The Association of Spanish Cloud and Datacenter Providers (Apecdata) warns of the legal, technical and security implications of choosing a cloud provider. It does so at a time when cloud computing is booming and giants such as Amazon, Google, IBM or Microsoft are opening or finalizing their regions cloud in Spain. The organization is supported by a report by Ecija Abogados, which endorses the importance of working in a reliable data perimeter when taking business applications, or data, to the cloud.
The work warns that, as established by the General Data Protection Regulation (RGPD), any transfer of personal data outside the European Economic Area to a third country must be carried out with guarantees. And it highlights that any treatment carried out by a supplier located in Europe that has certain links with a US entity, will imply a risk from the perspective of compliance with data protection.
From a legal point of view, they say, the situation could arise in which personal data of Europeans hosted on servers of US entities based in Europe were processed by US authorities in accordance with its regulations and involve an international transfer not in accordance with European regulations.
Apecdata, which was presented in public last February, Remember that data may only be transmitted to those countries, territories, sectors or international organizations with respect to which the European Commission has considered that they have an adequate level of protection or, in another case, sufficient guarantees are provided or the foreseen circumstances occur. as exceptions.

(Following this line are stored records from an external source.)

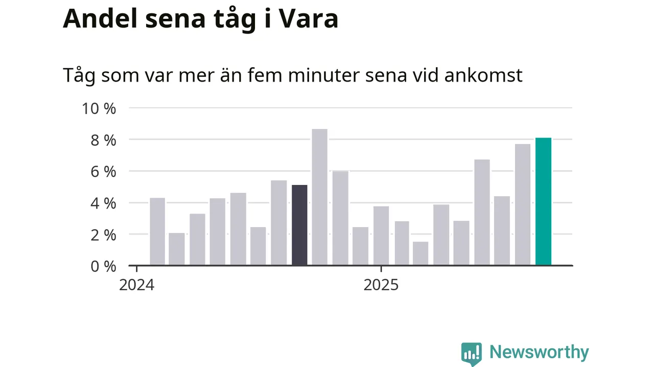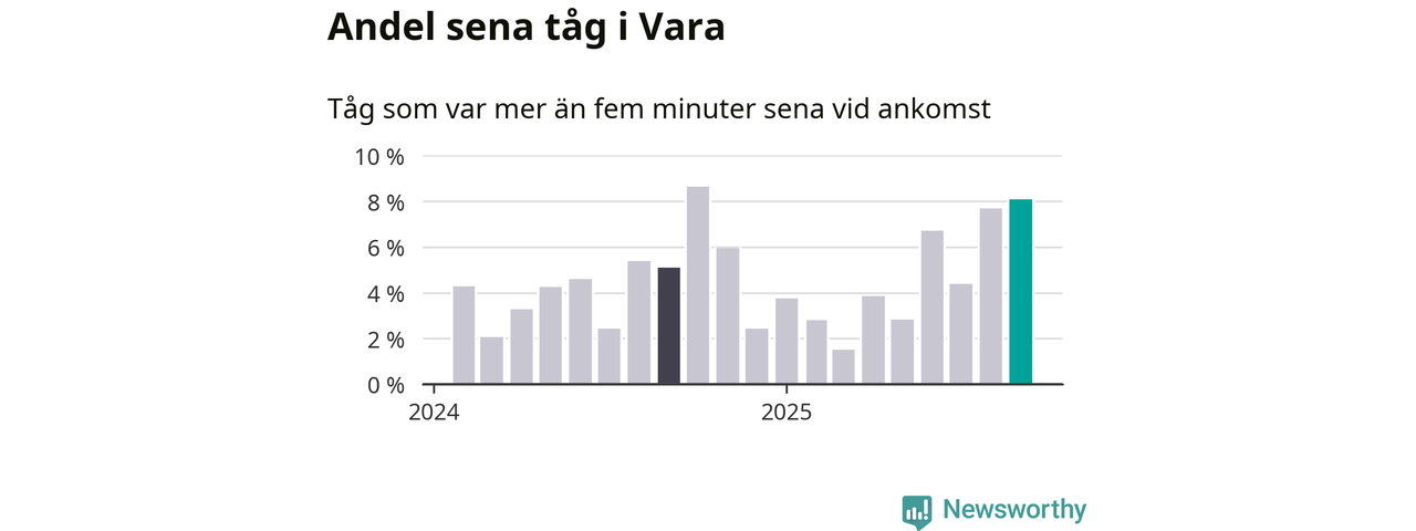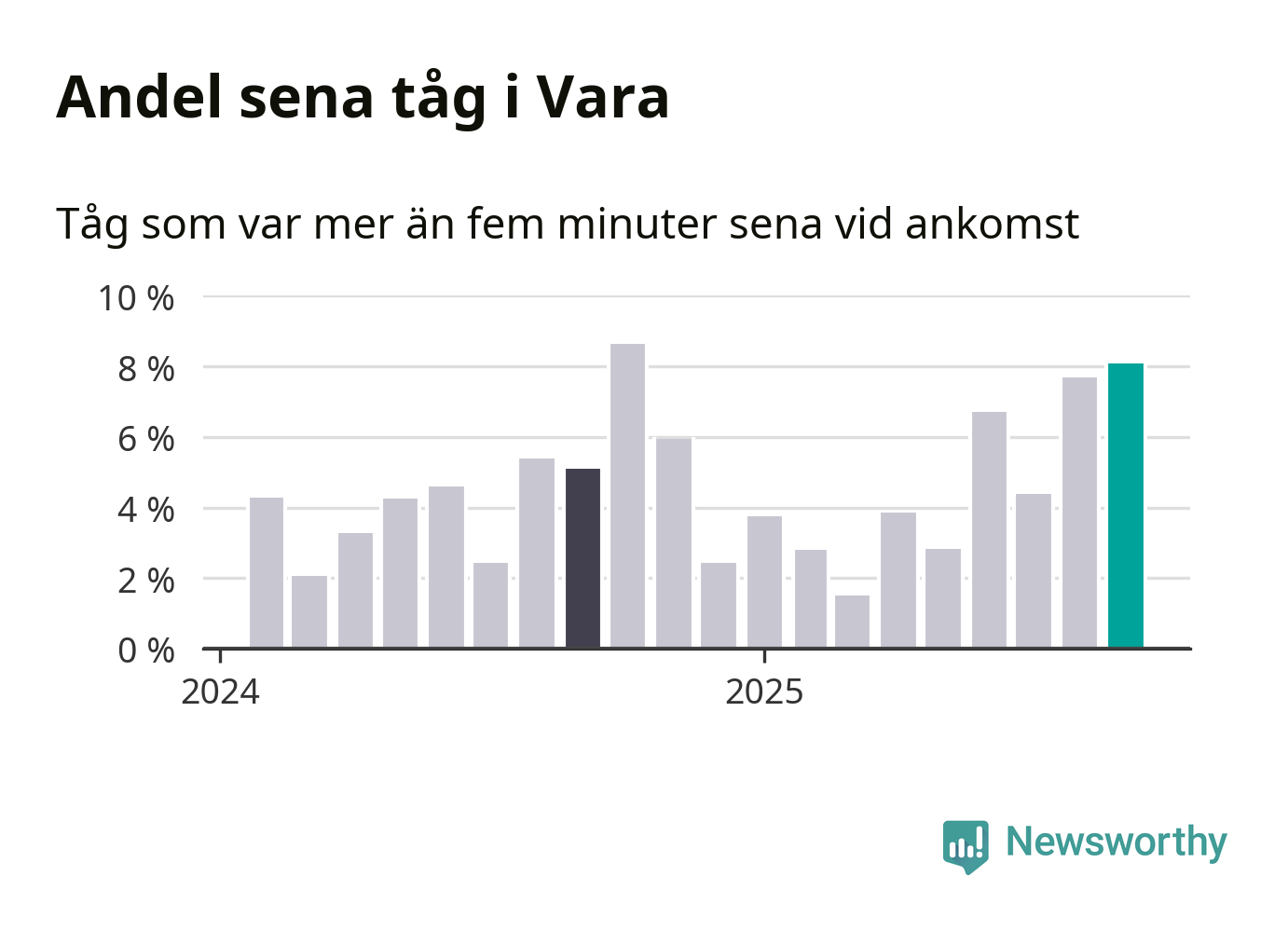 Åtta procent är marginellt mer än månaden innan, och kan jämföras med fem procent i september 2024. Siffrorna bygger på realtidsinformation om tågavgångar och ankomster från Trafikverket, som Newsworthy löpande samlar in.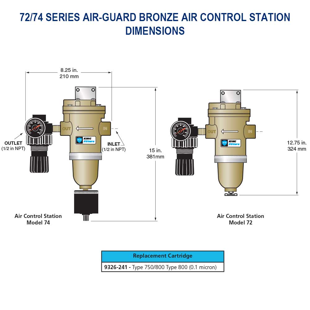 SERIES | 72 | Air-Guard Bronze Air Control Station 20 SCFM with manual drain | 74 | Air-Guard Bronze Air Control Station 20 SCFM with auto drain | ||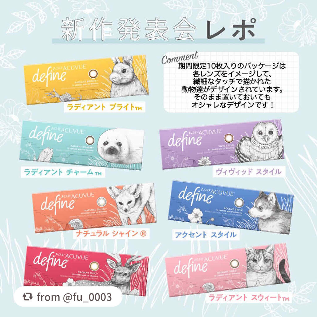 - ディファイン® のアート&サイエンス 瞳を知り尽くしたジョンソン・エンド・ジョンソンの アキュビュー® ディファイン® だからこそできる、こだわりのデザインと機能。 -Art- ①ディファイン独自のビューティークラフト 瞳本来の美しさをひきだす手描きライン*1 人の瞳が本来持つ、虹彩の自然なゆらぎやわずかな隙間まで。瞳を知り尽くした専属デザイナーが、その手で繊細なラインを1本1本描き込んだ、本来の瞳を活かしたデザイン。だから、こんなに自然、近寄ってもきれい。 ②1人1人の瞳の色となじむ透明感あるシアーカラー*2 透け感のある色素を使用。本来の瞳の色を隠さず、活かしてなじむ。 ③瞳に立体感と輝きを与える3層レイヤー*2 奥行き感を与える、ハイライトを入れる、なじませる。 3つのレイヤーで立体感と輝きをプラス -Science- ①快適なつけ心地が1日中持続する、瞳の健康と快適性を考えた、「デュアルコンフォートレンズ」 保湿成分配合で、朝から夜まで快適つづく 独自のラクリオン® ・テクノロジー*3により、レンズ内に閉じ込めた保湿成分が水分をキープ。うるおって、快適なつけ心地が1日中続きます。*4 ②色素が直接瞳に触れない レンズ素材に色素を内包するBeauty Wrapped in Comfort™ Technologyを採用。 色素が表出していない、薄く、しなやかなレンズを実現。 *1レンズ模様のデザイン時 *2一部デザインを除く *3弊社独自のテクノロジー名。レンズ素材であるetafilcon Aに、涙液中の成分に似た保湿成分を取り込みました。その保湿成分は持続してレンズ内に留まります。 *4装用感には個人差があります。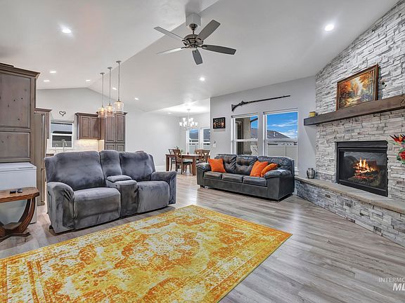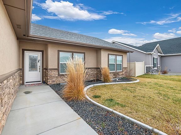 Tastefully designed & built to last! This fantastic home nestled in the NW quadrant of Twin Falls offers quick access to schools, canyon walking trails, hospital, shopping & local eateries. This well-built home offers a relaxed lifestyle with solar panels, hardwired electric blinds, Electronic Vehicle charging outlet, epoxied OVERSIZED garage, 30 AMP RV outlet, fly fan hardwired over the patio door, & copper plumbing. The interior of this lovely abode welcomes you w/a spacious entry that opens up to the spacious living area w/vaulted ceilings. The floor to ceiling fireplace speaks to future winter evenings. The stunning chef's kitchen is open to the living and dining w/an oversized island, custom cabinetry & hood, gas range, wine rack. The primary suite is a welcoming oasis w/beautiful lighting, dual vanities, a stunning walk-in shower w/two shower heads, walk-in closet, & a door to access the back patio & future hot tub! Enjoy the upcoming summer months on the oversized back patio around the gas firepit!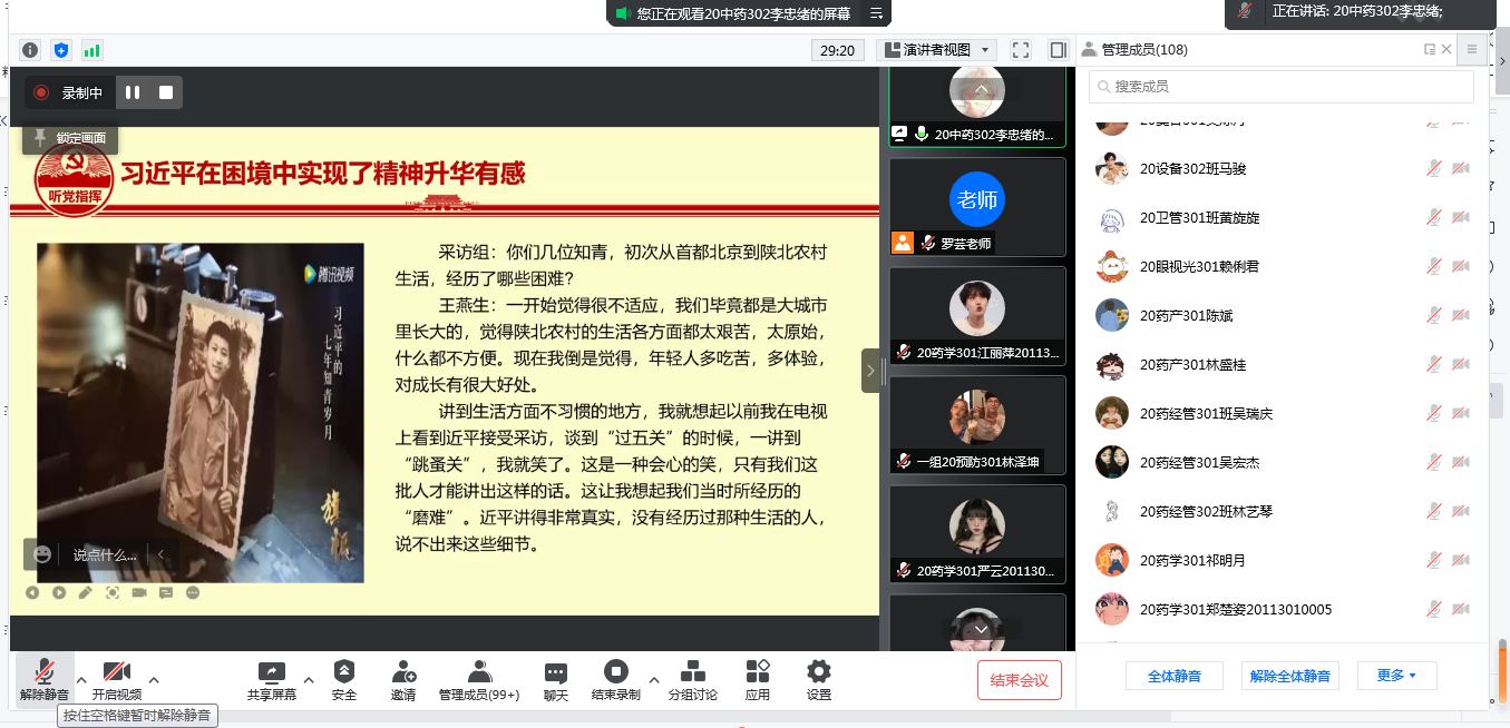 如何扣好人生的第一粒扣子?圍繞著這個主題,3月28日晚,校青馬班全體學員、習近平新時代中國特色社會主義思想讀書社原夢隊全體隊員線上齊聚,以接力分享的形式,共品《習近平的七年知青歲月》。活動邀請馬克思主義學院羅蕓老師擔任嘉賓。

The report indicates that carrying out international transfers of personal data that do not adopt the necessary guarantees could give rise to administrative fines of up to 20 million euros or up to 4% of the total global annual turnover. For this reason, the association recommends that for the contracting of services, issues such as the location of the provider and where the data will be effectively processed, the security measures applied and the contractual guarantees that the provider could offer be taken into account as a priority. of cloud.
“The consequences for users of the use of this type of platform can mean a loss of control over their personal data, while for entities it is to assume unnecessary risks since the uses of said systems could lead to breaches of data protection regulations. personal,” they point out.
According to the report, the international transfer of data may take place as long as they offer “adequate guarantees”, such as the provision of legally binding and enforceable instruments between authorities, binding corporate regulations and standard clauses on the protection of personal data that are adopted by the Commission. Likewise, it must be required that both the importer and the exporter of the data adhere to a code of conduct approved by a national data protection authority, together with binding and enforceable commitments of the importer and exporter, including those of the rights of the interested parties.
Apecdata underlines the importance that both the importer and the exporter of data are adhered to official certification mechanisms, either by contractual means or through a legally binding instrument to apply the guarantees.
The entity is a firm defender of the creation of a European data space in the face of the advance of the American technological giants and of the implementation of a regulatory framework that protects personal rights and privacy above economic interests when it comes to entrust the data to a third party.